Add CUDA to your shell environment:

$ echo 'export CUDA_HOME=/usr/local/cuda' >> ~/.bashrc
$ echo 'export PATH="${CUDA_HOME}/bin:${PATH}"' >> ~/.bashrc
$ echo 'export LD_LIBRARY_PATH="${CUDA_HOME}/lib64:${LD_LIBRARY_PATH}"' >> ~/.bashrc
$ source ~/.bashrc
$ nvcc --version

Step 2: Configure NVIDIA Driver for IBGDA

DeepEP's low-latency mode uses IBGDA (InfiniBand GPUDirect Async), which requires the GPU to memory-map the InfiniBand NIC's UAR (User Access Region).
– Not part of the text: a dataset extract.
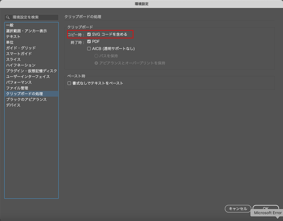 イラレからコピペしてもベクターデータとしてではなくラスターデータとして貼り付けられてしまう場合は、イラレの「設定」→「クリップボードの処理」で「コピー時:SVGコードを含める」にチェックが入っているかをご確認ください。ここにチェックが入っていないとベクターデータは貼り付けられません。(2025/10/23追記)

This needs two driver parameters: NVreg_EnableStreamMemOPs=1 (enables CUDA stream-ordered memory operations for GPU-initiated RDMA.), PeerMappingOverride=1 (allows peer memory mappings across GPUs for GPUDirect RDMA.)

Create the modprobe config. (Run the following on both nodes.)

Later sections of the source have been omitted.